New York Times writer, Megan Woods, reported on the topic of women changing names. "Hanging on to your ex's last name can daily conjure an unhappy past, while going back to a maiden name you've outgrown can be difficult to imagine. Divorce can be an opportunity to create an entirely different surname that speaks to the woman you have become." Megan L. Wood, When The New You Carries A Fresh Identity, Too. New York Times, February 15, 2013.
Like many women following tradition, I took my husband's last name. In a less than perfect divorce, after a less than perfect marriage, I tired to change my name back to my maiden name. The attorney botched the papers and I remained in that awkward last name zone, carrying my ex's last name for for fifteen years until I remarried. Although my last name is now legally my new husband's last name, I continue to use my maiden name in business. Not because I do not like my new last name, but because between marriages I built a very successful business that bears "Wolfe" as part of the brand. To change it, did not make good business sense, and, my business has now become a large part of who I am. Not all of who I am, but a part that I did not want to entirely change with an "I do."

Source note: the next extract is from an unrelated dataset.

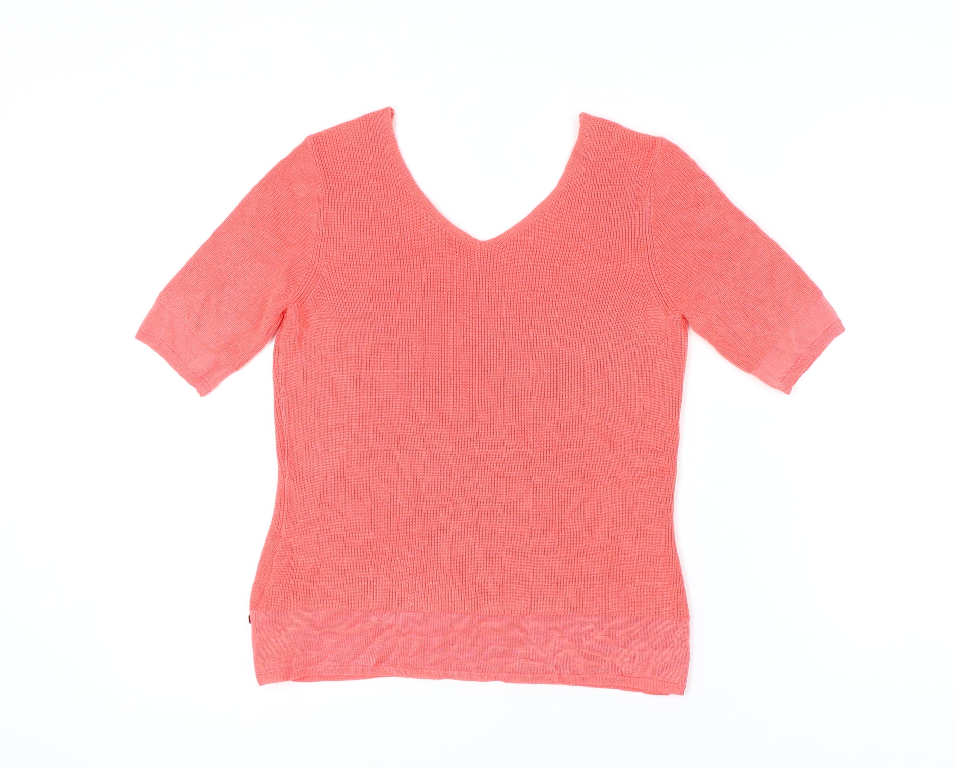 Embrace effortless style with this charming Marks and Spencer women's jumper, a beautiful addition to any wardrobe. Crafted in a soft pink tone, this pullover stands out with its V-neckline, offering a flattering line that accentuates your neck and collarbones. This short-sleeved jumper features a snug fit set to highlight your silhouette, perfect for casual outings or layering during colder seasons. Designed as a regular size type and labeled as a UK size 12, it provides both style and comfort. Made from a blend of viscose and acrylic, this tight-knit piece ensures warmth while maintaining a lightweight feel, ideal for year-round wear. Machine washable, it's easy to care for while retaining its vibrant colour and structure. Subtle button accents add a touch of detail, elevating its simplistic charm. Whether paired with denim for a casual outing or layered over a shirt for a smart casual look, this piece adapts seamlessly. Its excellent pre-owned condition ensures that it remains a fresh and stylish pick for your everyday or leisure activities. Don't miss the opportunity to add a versatile classic to your wardrobe that promises to become a favourite.

In Wood's article, best-selling author, Cheryl Strayed, offered the following reasons she chose to create a new last name post-divorce: ""Naming myself was symbolic in many ways. It signified to me how it was I had to take full responsibility for my life. I had to create my own happiness, to build my strength, to be the engine of my momentum. Choosing my own name struck me as both a positive act and a powerful one during the time when I felt uncertain and weak."
I felt many things after my divorce, but weak was not one of those things. I felt empowered, finally able to explore and embrace new and wonderful things in life that were always just barely out of my reach while in a difficult marriage. Now, happily remarried, my business brand remains separate from my marriage brand. But somehow that seems perfect for how I identify with myself these days. I am not "just" a wife, nor "just" a business woman. A name no longer defines me, or my purpose in life. My values and choices in life better define me.
Perhaps, it is not the last name you go by, but the name you make for yourself in life that matters most. And, by that, I am not talking surnames, but the other names people use when referring to you. Adjectives that describe you; that become earned nicknames matter more - words like good wife/mother/person, honest, hardworking, kind, loving, giving -- even "happy" are names that don't appear on your driver's license, but are the words that people will most likely remember you by.